Change log

Oracle Cloud Infrastructure (OCI) Generative AI Service is a fully managed service that integrates these versatile language models into a variety of use cases.

Oracle has released SDK that makes it easy to call OCI Generative AI services. However, for many packaged projects, some code modification is required to integrate the OCI Generative AI services.

Due to the wide application of OpenAI services, its API interface format has been supported by the vast majority of AI applications. In order to speed up application integration, a project has been created to make OCI Generative AI services compatible with the OpenAI API.

With this project, you can quickly integrate any application that supports a custom OpenAI interface without modifying the application.

Oracle 云基础设施 (OCI) 生成式 AI 是一种完全托管的服务，可将这些多功能语言模型集成到各种用例中。

Oracle已经发布了SDK，可以方便地调用OCI生成式AI服务。但是对于很多已经包装好的项目，需要一些代码修改工作量，以集成OCI上的生成式AI服务。

由于OpenAI服务的广泛应用，其API接口格式已经被绝大多数AI应用所支持。为了能够加快应用集成，一个使OCI生成式AI服务兼容OpenAI API的项目被创建。

通过此项目，您可以在不修改应用的情况下，快速集成任何支持自定义OpenAI接口的应用程序。

This is a project inspired by aws-samples/bedrock-access-gateway

Change log

20241031: Now you can run this app in docker
20241031: Add MIT license
20241022: Support LLM service deployed through the AI Quick Action of OCI Data Science; Optimize model configuration;
20240905: Support Instance principals auth;
20240815: Add Dedicated AI Cluster support;
20240729: first commit;

Quick Start

Clone this repository and set prerequisites;

Run this app:

Option 1: Launch on host

python app.py

Option 2: Launch in docker

Copy .oci directory (where config and private key located) to /root, and confirm the key_file parameter is set to /root directory.
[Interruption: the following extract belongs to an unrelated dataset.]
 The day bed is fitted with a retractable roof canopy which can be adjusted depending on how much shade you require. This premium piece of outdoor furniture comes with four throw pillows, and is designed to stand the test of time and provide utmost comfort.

docker build -t oci_genai_gateway .

docker run -p 8088:8088 \
        -v $(pwd)/app/config.py:/app/config.py \
        -v $(pwd)/app/models.yaml:/app/models.yaml \
        -v /root/.oci:/root/.oci \
        -it oci_genai_gateway

Config your application like this:

It's OK now!

Set Prerequisites

1. Install python packages

pip install -r requirements.txt

2. Set authentication

Create access authentication for OCI. There are two ways to achieve this:

Use API Key. This need a little effort, but easy to understand and can be used everywhere
Use instance principal. This is easy to set but only available on OCI host machines.

Option1: Use API Key

create config file on OCI console, follow this SDK and CLI Configuration File.
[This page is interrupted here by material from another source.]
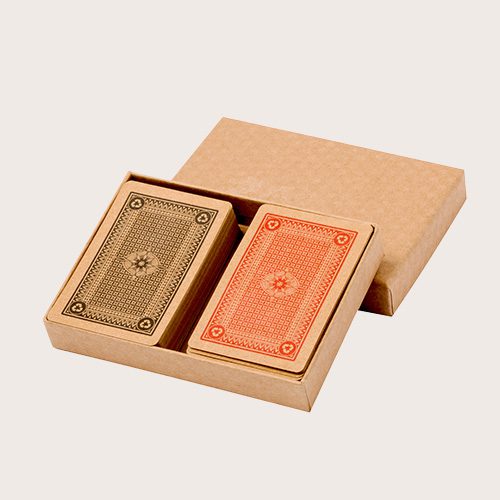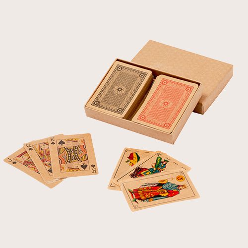 Set de baraja española y baraja francesa, fabricadas en resistente cartón reciclado. Baraja española con 50 naipes y baraja francesa con 54 naipes, presentadas en estuche de cartón acabado kraft con tapadera.

Set config.py file, point to your config location,like OCI_CONFIG_FILE = "~/.oci/config".

Option2: Use instance principal setting

Set OCI policy, define

allow dynamic-group <xxxx> to manage generative-ai-family in tenancy

xxxx is your dynamic-group that indicated your vm or other resources

in config.py, set AUTH_TYPE=INSTANCE_PRINCIPAL

Other settings:

You can modify the config.py file to change default settings.

PORT: service http port
RELOAD: if True, the web service will reload if any file change in the project
DEBUG: if True, more logs will displayed
DEFAULT_API_KEYS: Authorize token for the API, default is ocigenerativeai
API_ROUTE_PREFIX: API url PREDIX
AUTH_TYPE: API_KEY or INSTANCE_PRINCIPAL
OCI_CONFIG_FILE: OCI config file location, default is ~/.oci/config
OCI_CONFIG_FILE_KEY: multiple configs can be added in one config file, so you can use key to determain use which one
INFERENCE_ENDPOINT_TEMPLATE: no need to modify, unless the OCI service changes

Models

Generative AI is a rapidly evolving field, with new models being added and old models being retired, so we gave up hard-coding model information in the code and instead defined the model through models.yaml.

Don't worry, most of the models have been written well in the file, you just need to use them.
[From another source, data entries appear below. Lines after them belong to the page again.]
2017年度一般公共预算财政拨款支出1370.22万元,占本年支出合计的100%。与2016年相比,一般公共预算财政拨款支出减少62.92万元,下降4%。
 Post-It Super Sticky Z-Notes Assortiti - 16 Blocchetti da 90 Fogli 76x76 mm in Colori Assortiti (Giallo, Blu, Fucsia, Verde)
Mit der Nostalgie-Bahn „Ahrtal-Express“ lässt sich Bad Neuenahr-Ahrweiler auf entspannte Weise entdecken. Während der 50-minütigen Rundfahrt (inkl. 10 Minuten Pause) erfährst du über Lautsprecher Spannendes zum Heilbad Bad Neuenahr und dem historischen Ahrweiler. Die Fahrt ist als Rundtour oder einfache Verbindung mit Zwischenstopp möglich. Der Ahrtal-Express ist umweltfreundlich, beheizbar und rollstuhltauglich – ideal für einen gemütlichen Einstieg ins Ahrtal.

You can define 4 types of models:

ondemand: pre-trained chat model provided by OCI generative AI service, accessed through a unified API.
embedding: pre-trained embedding model provided by OCI generative AI service, accessed through a unified API.
dedicated: OCI Generative AI service’s proprietary model, the model to be accessed is determined by specifying the endpoint
datascience: LLM service deployed through the AI Quick Action function of OCI Data Science. AI Quick Actions makes it easy for you to browse foundation models, and deploy, fine-tune, and evaluate them inside Data Science notebooks. The model to be accessed is determined by specifying the endpoint, and endpoint should be end with /predict. When create datascience deployment Inference modeshould be /v1/chat/completions.Inference container should be VLLM.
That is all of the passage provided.